74 points – in mick’s footy blog speak is a reference to the almost 10 kilometres the disconsolate fans had to endure to erase one point of defeat on the journey home. We passed many Adelaide bound buses around Bacchus Marsh on our return to Ballarat. Steamed up, in overdrive, hurrying home having left early to put behind them the disappointment of the end to a brave response to the tragedy that had befallen them – like the greeting of the wilted lettuce encased in triple melted cheeseburger that by the 2am road stop had coalesced into a transformation from mince to collagen. Throwing the mike open at Horsham, a cavalcade of bus drivers inform their back weary patrons that with Melbourne 200 kilometres behind them, another 20 points had been worked off the margin. In-crow side splitting gags at local towns expense that generated smug mirth from the travelling vikings on the journey to the G – “Kaniva coffee? Kaniva Pie?, sniggers while purchasing vanilla slices at Horsham’s Waack’s bakery, sly digs at local walk sock wearing Nietzches’s at Nhill – now ring hollow like the empty tin of homemade muffins, the spent 2 litre thermos and the self referential thump of wheel on roadkill.
Back to Subiaco to face Freo in one final bid to push through to the stage of football immortality.
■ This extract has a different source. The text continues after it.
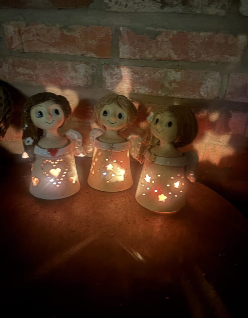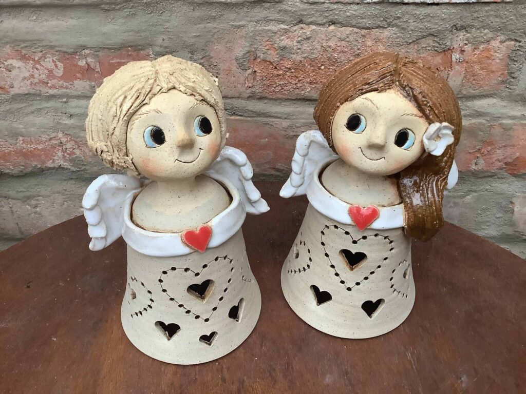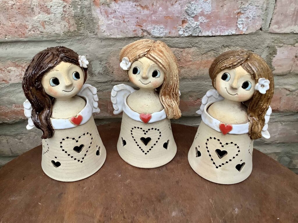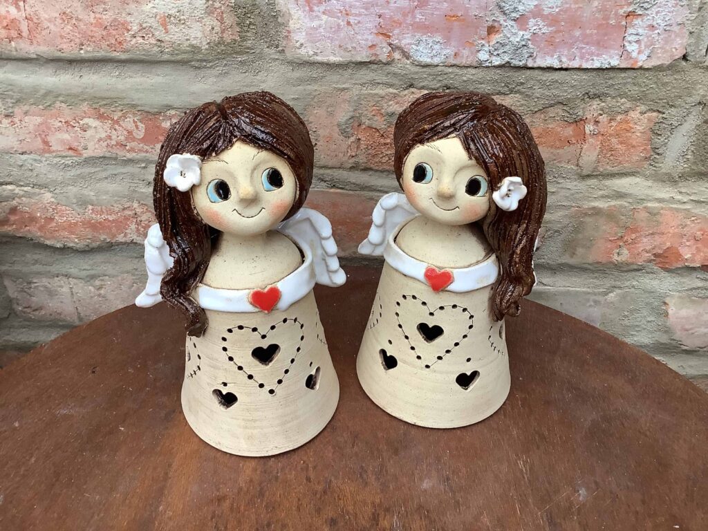 Lampičku využijí především milovníci svíček a světýlek. Andělka je ručně vytočená na hrnčířském kruhu a poté domodelovaná ručně. Má srdce na lemu šatů a ve vlasech květ. Její tělo je děrováno dekorem srdíček a teček, kterými při zapálení svíčky krásně proniká světlo. Vysoká je cca 20cm. Můžete vybírat z různych variant po kliknutí na tlačítko "koupit". Andělku si kupujete tu, kterou si zvolíte ve variantě. Součástí je i keramická miska pod čajovou svíčku

We hold our nerve, the crowd implodes in a series of unsociable incidents of violence and player abuse as Cyril twice terrorises the nervy final quarter Eagles defence into second guessing spilled marks upon his bearing down that he converts into the slicing of the Fremantle anchor to the bottom of their own murky low scoring harbour.
As Ross Lyon said in a reflective post game presser “does that make sense?”.